[Source data]
Segment Open

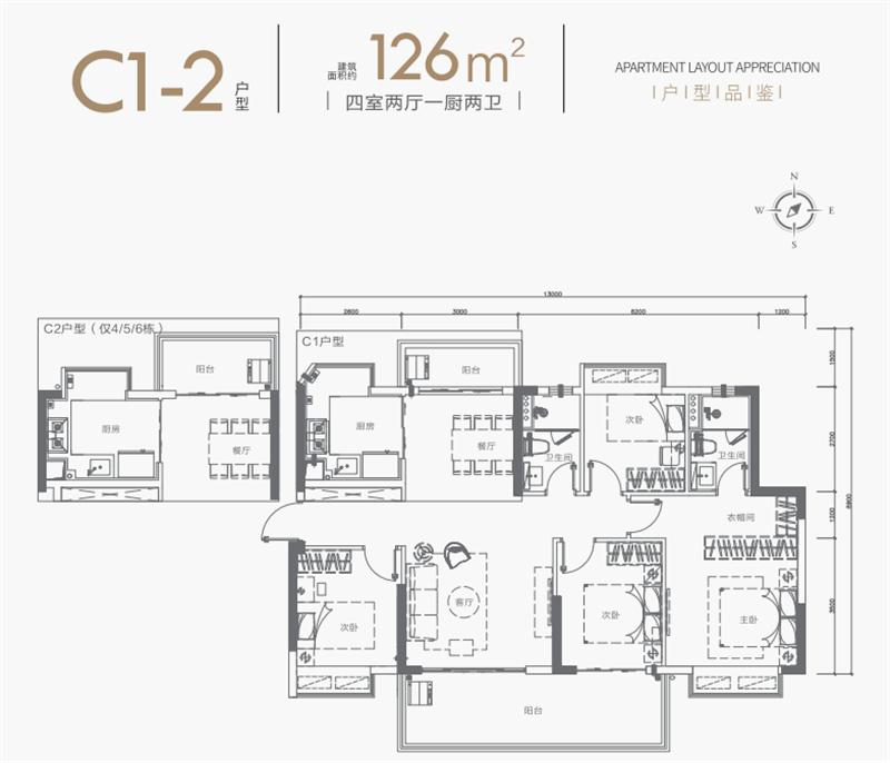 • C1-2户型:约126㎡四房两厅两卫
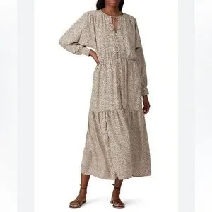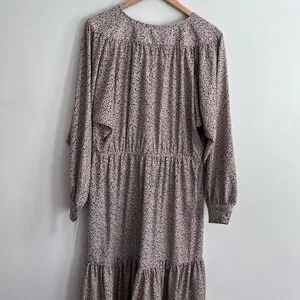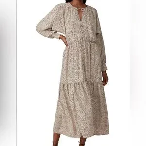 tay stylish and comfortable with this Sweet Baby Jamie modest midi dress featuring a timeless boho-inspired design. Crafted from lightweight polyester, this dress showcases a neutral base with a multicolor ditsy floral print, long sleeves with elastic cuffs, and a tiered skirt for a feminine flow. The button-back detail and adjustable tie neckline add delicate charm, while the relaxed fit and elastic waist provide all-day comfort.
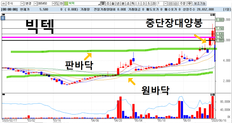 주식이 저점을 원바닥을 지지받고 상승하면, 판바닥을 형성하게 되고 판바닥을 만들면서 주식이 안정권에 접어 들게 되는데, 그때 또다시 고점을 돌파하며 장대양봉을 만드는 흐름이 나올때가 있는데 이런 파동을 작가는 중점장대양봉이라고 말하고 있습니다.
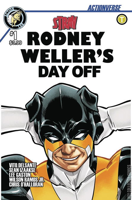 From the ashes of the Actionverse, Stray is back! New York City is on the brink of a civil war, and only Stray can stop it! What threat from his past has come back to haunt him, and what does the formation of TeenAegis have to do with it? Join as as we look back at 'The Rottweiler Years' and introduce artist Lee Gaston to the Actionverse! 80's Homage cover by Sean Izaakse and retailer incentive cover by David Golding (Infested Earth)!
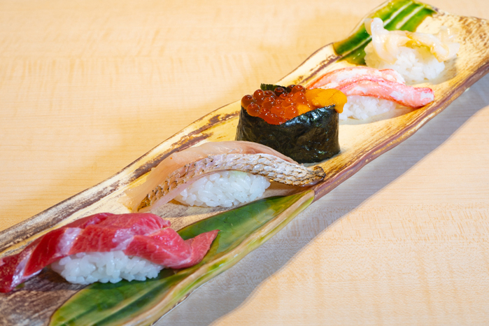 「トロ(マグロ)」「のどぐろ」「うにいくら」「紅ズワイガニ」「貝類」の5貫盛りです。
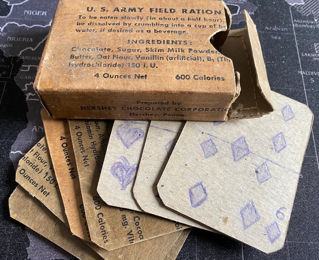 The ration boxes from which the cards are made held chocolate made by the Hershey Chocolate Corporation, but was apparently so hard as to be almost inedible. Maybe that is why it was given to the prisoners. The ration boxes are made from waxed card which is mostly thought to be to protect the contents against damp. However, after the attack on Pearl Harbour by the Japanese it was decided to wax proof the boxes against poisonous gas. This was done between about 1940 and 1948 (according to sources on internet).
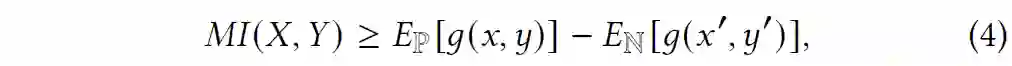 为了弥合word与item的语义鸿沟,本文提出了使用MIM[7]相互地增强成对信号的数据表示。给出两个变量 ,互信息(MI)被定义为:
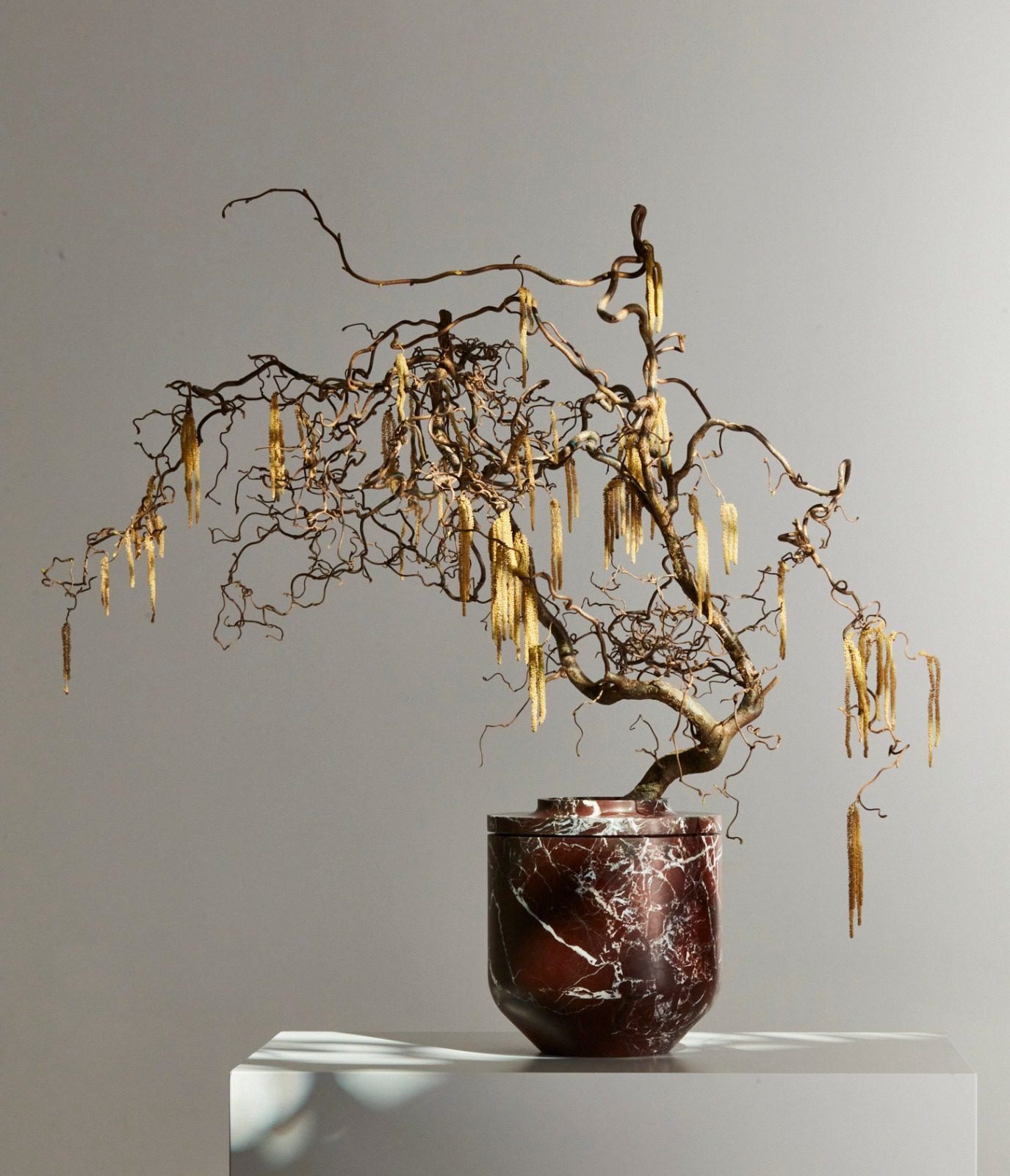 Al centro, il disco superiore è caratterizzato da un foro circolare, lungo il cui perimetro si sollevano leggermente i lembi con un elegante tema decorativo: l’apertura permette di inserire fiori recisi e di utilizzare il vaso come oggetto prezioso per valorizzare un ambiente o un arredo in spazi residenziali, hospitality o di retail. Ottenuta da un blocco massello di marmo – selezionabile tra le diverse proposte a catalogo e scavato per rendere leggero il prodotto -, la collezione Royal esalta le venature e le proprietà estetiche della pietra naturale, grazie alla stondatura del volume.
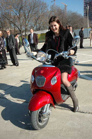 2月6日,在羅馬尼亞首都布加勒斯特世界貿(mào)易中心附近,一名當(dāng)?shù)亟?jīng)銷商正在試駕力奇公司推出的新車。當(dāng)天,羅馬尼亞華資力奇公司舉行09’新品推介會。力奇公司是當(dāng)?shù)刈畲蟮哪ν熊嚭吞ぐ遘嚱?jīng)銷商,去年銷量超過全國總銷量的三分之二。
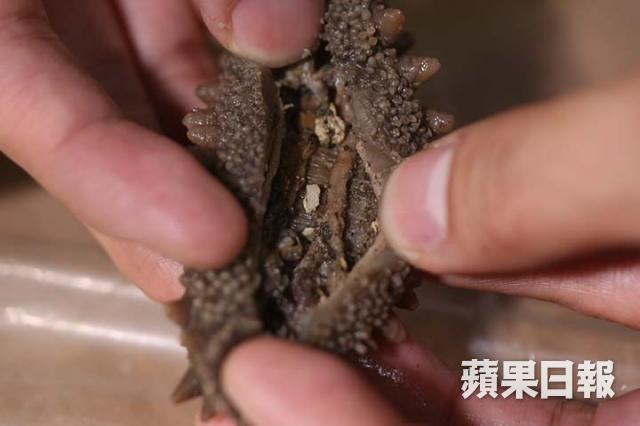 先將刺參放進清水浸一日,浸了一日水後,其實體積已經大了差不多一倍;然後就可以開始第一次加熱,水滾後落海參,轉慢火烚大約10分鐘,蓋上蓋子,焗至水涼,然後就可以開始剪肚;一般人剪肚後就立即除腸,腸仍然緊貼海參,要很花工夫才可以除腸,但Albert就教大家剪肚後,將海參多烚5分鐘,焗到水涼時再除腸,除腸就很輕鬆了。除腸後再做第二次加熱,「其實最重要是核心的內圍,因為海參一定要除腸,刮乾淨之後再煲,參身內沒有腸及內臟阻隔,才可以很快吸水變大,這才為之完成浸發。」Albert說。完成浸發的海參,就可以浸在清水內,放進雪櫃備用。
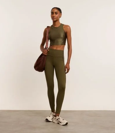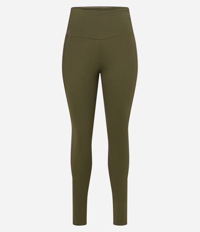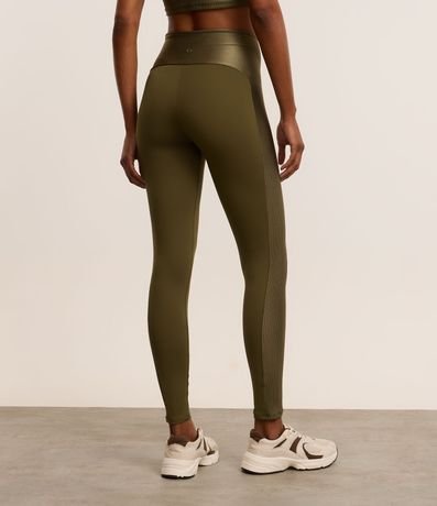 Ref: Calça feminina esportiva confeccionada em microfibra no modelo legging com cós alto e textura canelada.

Segment Closed

Reproduce the data above without a single change, please, but without its pictures.

* [ANSWER SPACE]:
 • C1-2户型:约126㎡四房两厅两卫
 tay stylish and comfortable with this Sweet Baby Jamie modest midi dress featuring a timeless boho-inspired design. Crafted from lightweight polyester, this dress showcases a neutral base with a multicolor ditsy floral print, long sleeves with elastic cuffs, and a tiered skirt for a feminine flow. The button-back detail and adjustable tie neckline add delicate charm, while the relaxed fit and elastic waist provide all-day comfort.
 주식이 저점을 원바닥을 지지받고 상승하면, 판바닥을 형성하게 되고 판바닥을 만들면서 주식이 안정권에 접어 들게 되는데, 그때 또다시 고점을 돌파하며 장대양봉을 만드는 흐름이 나올때가 있는데 이런 파동을 작가는 중점장대양봉이라고 말하고 있습니다.
 From the ashes of the Actionverse, Stray is back! New York City is on the brink of a civil war, and only Stray can stop it! What threat from his past has come back to haunt him, and what does the formation of TeenAegis have to do with it? Join as as we look back at 'The Rottweiler Years' and introduce artist Lee Gaston to the Actionverse! 80's Homage cover by Sean Izaakse and retailer incentive cover by David Golding (Infested Earth)!
 「トロ(マグロ)」「のどぐろ」「うにいくら」「紅ズワイガニ」「貝類」の5貫盛りです。
 The ration boxes from which the cards are made held chocolate made by the Hershey Chocolate Corporation, but was apparently so hard as to be almost inedible. Maybe that is why it was given to the prisoners. The ration boxes are made from waxed card which is mostly thought to be to protect the contents against damp. However, after the attack on Pearl Harbour by the Japanese it was decided to wax proof the boxes against poisonous gas. This was done between about 1940 and 1948 (according to sources on internet).
 为了弥合word与item的语义鸿沟,本文提出了使用MIM[7]相互地增强成对信号的数据表示。给出两个变量 ,互信息(MI)被定义为:
 Al centro, il disco superiore è caratterizzato da un foro circolare, lungo il cui perimetro si sollevano leggermente i lembi con un elegante tema decorativo: l’apertura permette di inserire fiori recisi e di utilizzare il vaso come oggetto prezioso per valorizzare un ambiente o un arredo in spazi residenziali, hospitality o di retail. Ottenuta da un blocco massello di marmo – selezionabile tra le diverse proposte a catalogo e scavato per rendere leggero il prodotto -, la collezione Royal esalta le venature e le proprietà estetiche della pietra naturale, grazie alla stondatura del volume.
 2月6日,在羅馬尼亞首都布加勒斯特世界貿(mào)易中心附近,一名當(dāng)?shù)亟?jīng)銷商正在試駕力奇公司推出的新車。當(dāng)天,羅馬尼亞華資力奇公司舉行09’新品推介會。力奇公司是當(dāng)?shù)刈畲蟮哪ν熊嚭吞ぐ遘嚱?jīng)銷商,去年銷量超過全國總銷量的三分之二。
 先將刺參放進清水浸一日,浸了一日水後,其實體積已經大了差不多一倍;然後就可以開始第一次加熱,水滾後落海參,轉慢火烚大約10分鐘,蓋上蓋子,焗至水涼,然後就可以開始剪肚;一般人剪肚後就立即除腸,腸仍然緊貼海參,要很花工夫才可以除腸,但Albert就教大家剪肚後,將海參多烚5分鐘,焗到水涼時再除腸,除腸就很輕鬆了。除腸後再做第二次加熱,「其實最重要是核心的內圍,因為海參一定要除腸,刮乾淨之後再煲,參身內沒有腸及內臟阻隔,才可以很快吸水變大,這才為之完成浸發。」Albert說。完成浸發的海參,就可以浸在清水內,放進雪櫃備用。
 Ref: Calça feminina esportiva confeccionada em microfibra no modelo legging com cós alto e textura canelada.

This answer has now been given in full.